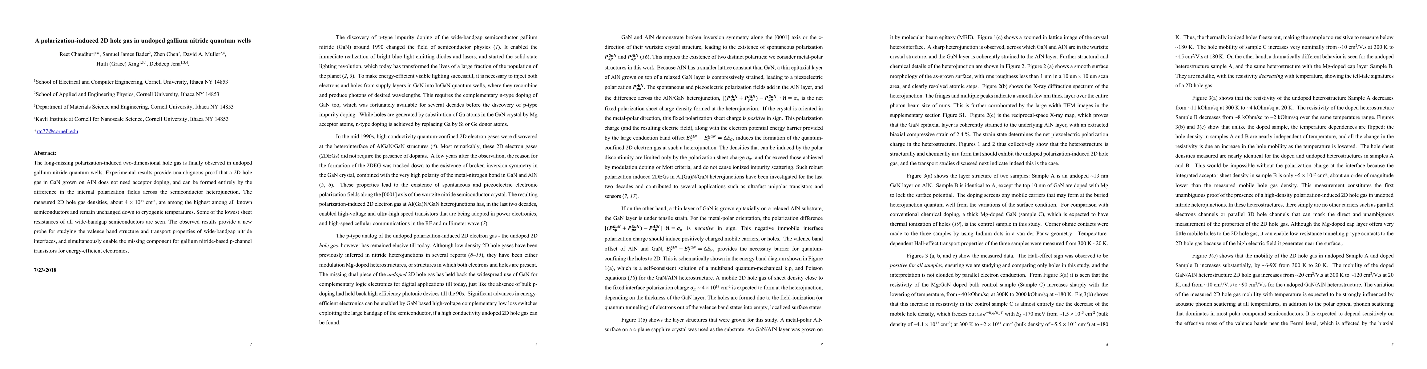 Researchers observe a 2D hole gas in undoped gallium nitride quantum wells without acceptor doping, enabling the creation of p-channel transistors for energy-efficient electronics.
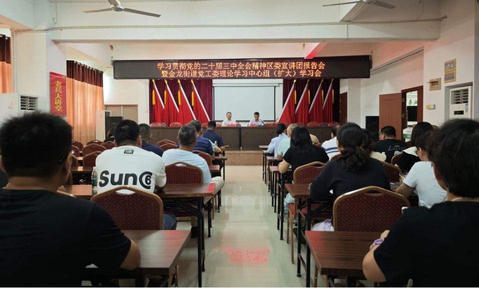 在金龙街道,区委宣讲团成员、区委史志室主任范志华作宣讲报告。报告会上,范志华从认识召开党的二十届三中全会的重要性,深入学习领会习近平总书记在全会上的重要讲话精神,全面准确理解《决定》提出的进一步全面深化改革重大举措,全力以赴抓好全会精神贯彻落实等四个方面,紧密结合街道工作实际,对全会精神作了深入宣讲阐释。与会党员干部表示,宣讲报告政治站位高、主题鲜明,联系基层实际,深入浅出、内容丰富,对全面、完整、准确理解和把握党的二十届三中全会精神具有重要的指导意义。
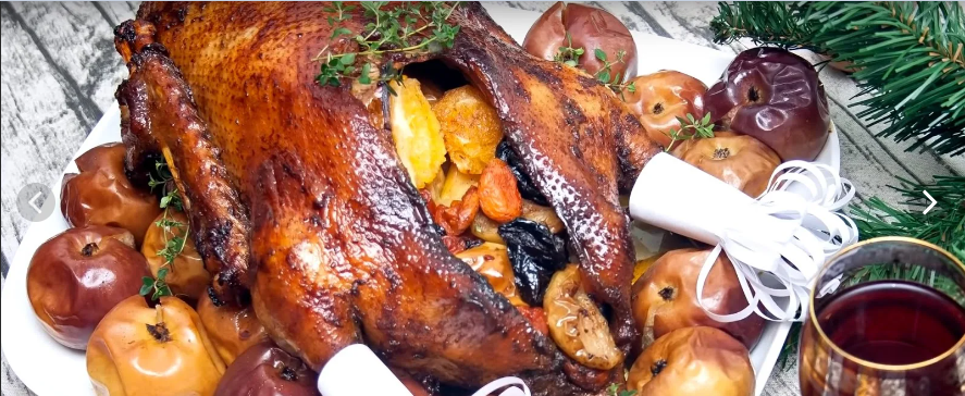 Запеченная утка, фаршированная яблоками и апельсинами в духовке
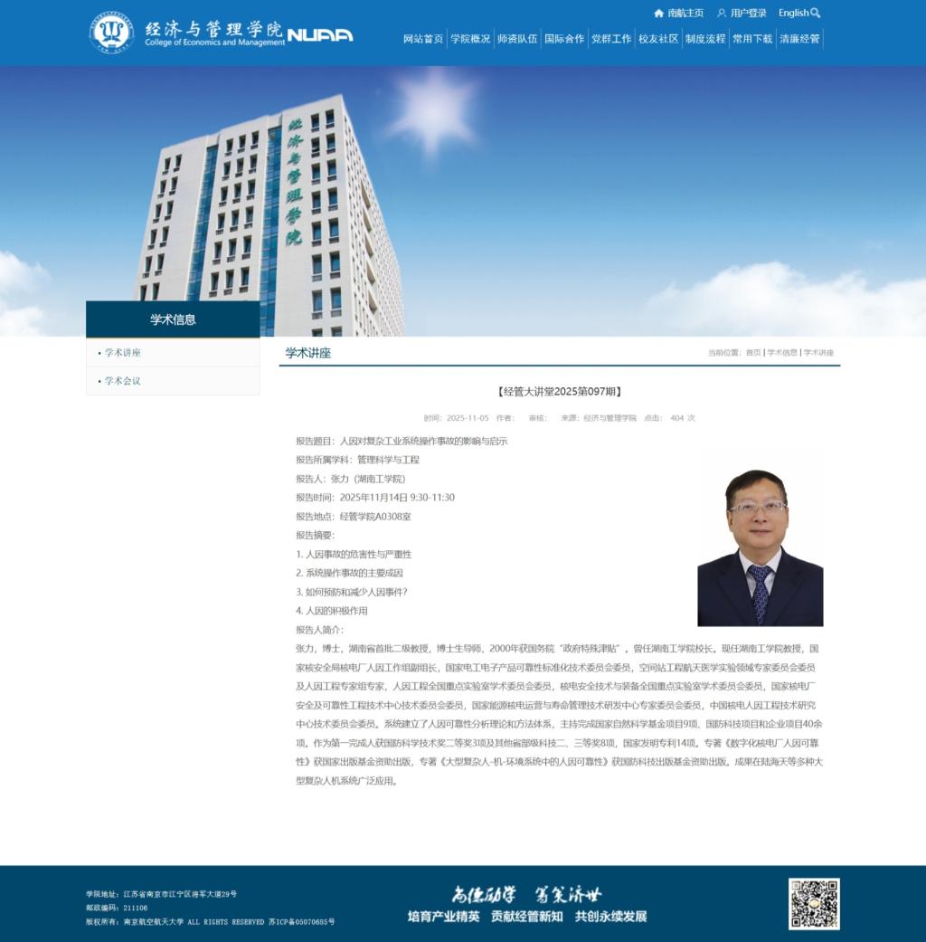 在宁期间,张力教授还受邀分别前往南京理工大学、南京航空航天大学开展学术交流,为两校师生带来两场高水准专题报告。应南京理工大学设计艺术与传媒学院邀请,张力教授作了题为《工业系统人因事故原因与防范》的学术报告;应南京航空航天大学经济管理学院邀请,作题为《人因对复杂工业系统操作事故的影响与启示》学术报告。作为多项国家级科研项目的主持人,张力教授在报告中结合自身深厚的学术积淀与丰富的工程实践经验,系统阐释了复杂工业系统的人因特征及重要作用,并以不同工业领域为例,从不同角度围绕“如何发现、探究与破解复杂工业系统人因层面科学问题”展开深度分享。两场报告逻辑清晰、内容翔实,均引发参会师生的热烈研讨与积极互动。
————
* _TASK BRIEF_
Please retype all of the material exactly, skipping whatever images it holds.

* _ANSWER AREA_
 Researchers observe a 2D hole gas in undoped gallium nitride quantum wells without acceptor doping, enabling the creation of p-channel transistors for energy-efficient electronics.
 在金龙街道,区委宣讲团成员、区委史志室主任范志华作宣讲报告。报告会上,范志华从认识召开党的二十届三中全会的重要性,深入学习领会习近平总书记在全会上的重要讲话精神,全面准确理解《决定》提出的进一步全面深化改革重大举措,全力以赴抓好全会精神贯彻落实等四个方面,紧密结合街道工作实际,对全会精神作了深入宣讲阐释。与会党员干部表示,宣讲报告政治站位高、主题鲜明,联系基层实际,深入浅出、内容丰富,对全面、完整、准确理解和把握党的二十届三中全会精神具有重要的指导意义。
 Запеченная утка, фаршированная яблоками и апельсинами в духовке
 在宁期间,张力教授还受邀分别前往南京理工大学、南京航空航天大学开展学术交流,为两校师生带来两场高水准专题报告。应南京理工大学设计艺术与传媒学院邀请,张力教授作了题为《工业系统人因事故原因与防范》的学术报告;应南京航空航天大学经济管理学院邀请,作题为《人因对复杂工业系统操作事故的影响与启示》学术报告。作为多项国家级科研项目的主持人,张力教授在报告中结合自身深厚的学术积淀与丰富的工程实践经验,系统阐释了复杂工业系统的人因特征及重要作用,并以不同工业领域为例,从不同角度围绕“如何发现、探究与破解复杂工业系统人因层面科学问题”展开深度分享。两场报告逻辑清晰、内容翔实,均引发参会师生的热烈研讨与积极互动。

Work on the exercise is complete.